The boy keeps coughing. I’m sure that’s not important to the narrative.

The captain says it’s too dangerous for the boy to stay, but he’s already been marked by the black spot, so that’s all right. The boy hasn’t bled, but he does have a fever. She’s coming for all the sick and injured.

The Doctor says that they can all leave in the TARDIS, just before the boy opens a barrel of water and the siren sticks her hand out.

Leaving the boy and others behind, the captain and the Doctor head out to find the TARDIS, to get them all away.

DOCTOR: We’ve all got to go sometimes. There are worse ways than having your face gnawed off by a dodgy mermaid.

The captain copes quite well with the weirdness of the TARDIS, before Amy nags Rory a bit.

Kenny and the other pirate decide to leave the magazine, while elsewhere the Doctor explains the TARDIS’s workings.

TOBY: He told you to wait, you dog. He’s your captain.

Kenny tells Toby that his father is a pirate, which is maybe a bit mean, but then Toby did call him a dog. He also tells Toby that his father has gunned down a thousand innocent men.

The TARDIS is becalmed.

DOCTOR: You had to gloat, didn’t you?

Toby stops Kenny from leaving by slicing his hand open with a cutlass.

Oh my god: you killed Kenny! You bastard!

(I had to. You understand, right?)

Seriously, that’s pretty cold for a ten-year-old boy. Even a seventeenth-century ten-year-old boy. He really takes this chain of command thing seriously, does Toby.

In the TARDIS, the Doctor can’t get a lock on the plane. And then the TARDIS throws a complete fit.

Elsewhere, Kenny is furious, but recognises that he can’t really shoot them, not with all the powder around, and he can’t leave. But Mulligan, the last pirate, can and does leave.

The Doctor can’t bring the TARDIS under control. She’s about to dematerialise, so the Doctor gives the order to abandon ship. The TARDIS disappears in a familiar green haze with a sick wheeze.

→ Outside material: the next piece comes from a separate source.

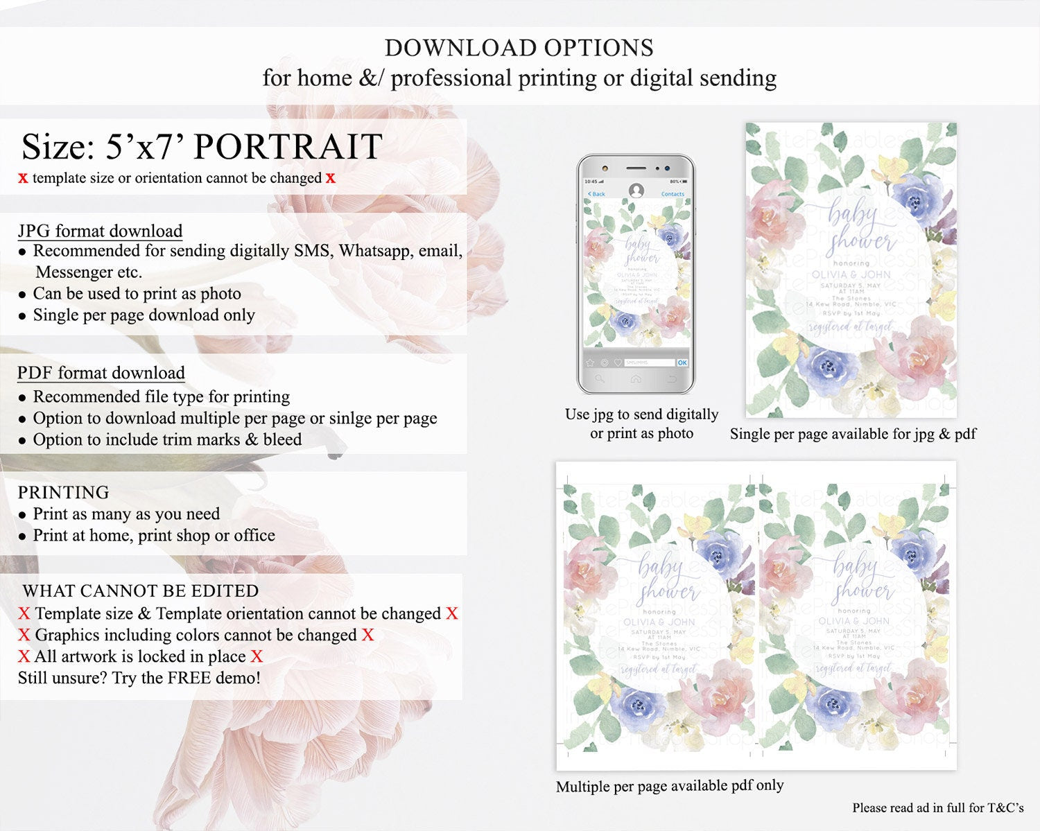 • Template size & orientation cannot be changed. Please use the demo link to confirm this product suits your needs.

They dash back to the magazine, meeting Mulligan on the way. He has the supplies, but the captain is more worried about his treasure and gives chase. Hiding, Mulligan burns his hand on a lamp. Up pops the siren: bang goes Mulligan. But there’s no water in that room. So how did she get in?

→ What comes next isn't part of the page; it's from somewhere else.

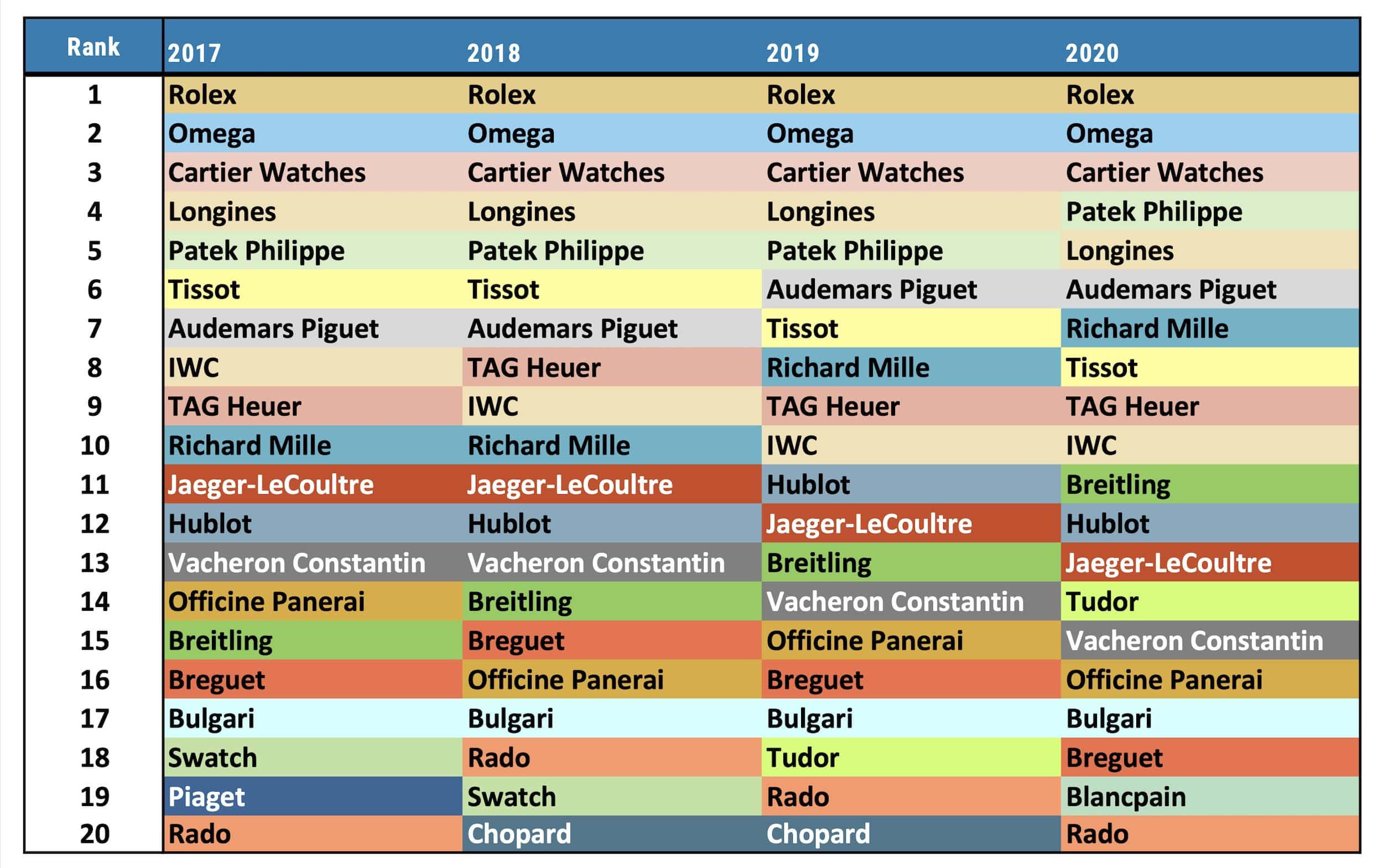 Audemars Piguet y Richard Mille se apropiaron del sexto y séptimo lugar del mercado, al tiempo que Tissot, TAG Heuer e IWC lograron meterse al top 10.

DOCTOR: I was wrong. Please ignore all my theories up to this point.
CAPTAIN: Again?

Apparently, she’s coming in through reflections. So this seems a good time for Toby to polish the medal his father left him.

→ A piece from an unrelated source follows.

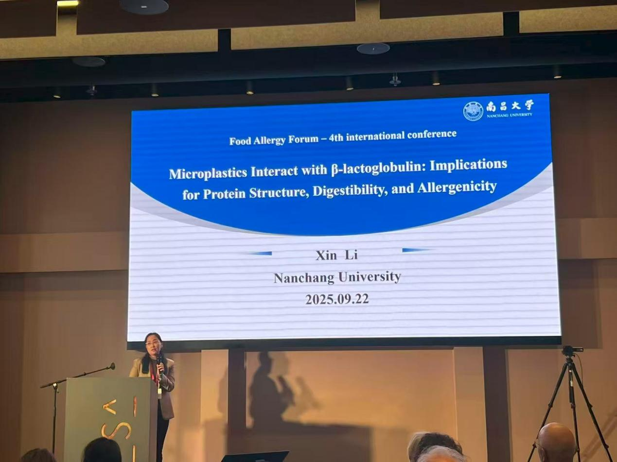 南昌大学中德联合研究院陈红兵教授在过敏原管理专场做了题为《中国食物过敏原管理的现状与发展》的报告,李欣教授在速览环节介绍了《微塑料与β-乳球蛋白的相互作用:对蛋白质结构、可消化性和致敏性的影响》。同时海报展示《高脂肪饮食诱导的肥胖是否为食物过敏的协同因素》,从代谢角度揭示过敏发病新机制。这些成果收到国外学者的广泛关注,提出是值得继跟踪和深入研究的方向,承办方TNO提出希望有机会开展合作。

The Doctor and the captain rush back to the magazine, to warn Amy, Rory, and Toby.

Wait. Where’s Kenny? Did an entire pirate just disappear?

The Doctor smashes everything reflective that he can find, and tries to throw the captain’s treasure overboard. Luckily, the captain seems to listen to reason, and heads off to grab the crown.

A breeze comes up, rippling the surface of the ocean.

Seriously, Kenny’s completely disappeared. How did they lose an entire pirate? Did the siren grab him off-camera? Wouldn’t someone mention that to the captain?

Now Toby says that there’s been no word from his father for three years—presumably, that’s when he turned pirate. But that doesn’t mean that’s the last time he was home. That bothers me.

Amy, dreaming (or not), sees the woman with the eye-patch again, who tells her that she’s doing fine, and to stay calm.

On deck, the Doctor and the captain talk about their experiences as captains. The Doctor’s a bit nosy about how the captain turned pirate, but the captain’s a reticent man.

Where’s Kenny? Does anyone care?

A storm comes up, with what seems like surprising suddenness to me—and I live in a sub-tropical city. The captain demands everyone climb up into the rigging so they can cut loose the sail. Or furl it. Or something nautical. I remember reading somewhere that you cut sails loose in a storm so the ship doesn’t capsize. But then aren’t you short a sail? Maybe you only cut them loose in an emergency?

Note to all: don’t get stuck with me on a sailing ship in a storm. You’ll all die.

CAPTAIN: Heave ho, you bilge rats.
RORY: “Rats” is all I heard.

Toby grabs the captain’s coat … and out rolls the crown. That’s not ideal.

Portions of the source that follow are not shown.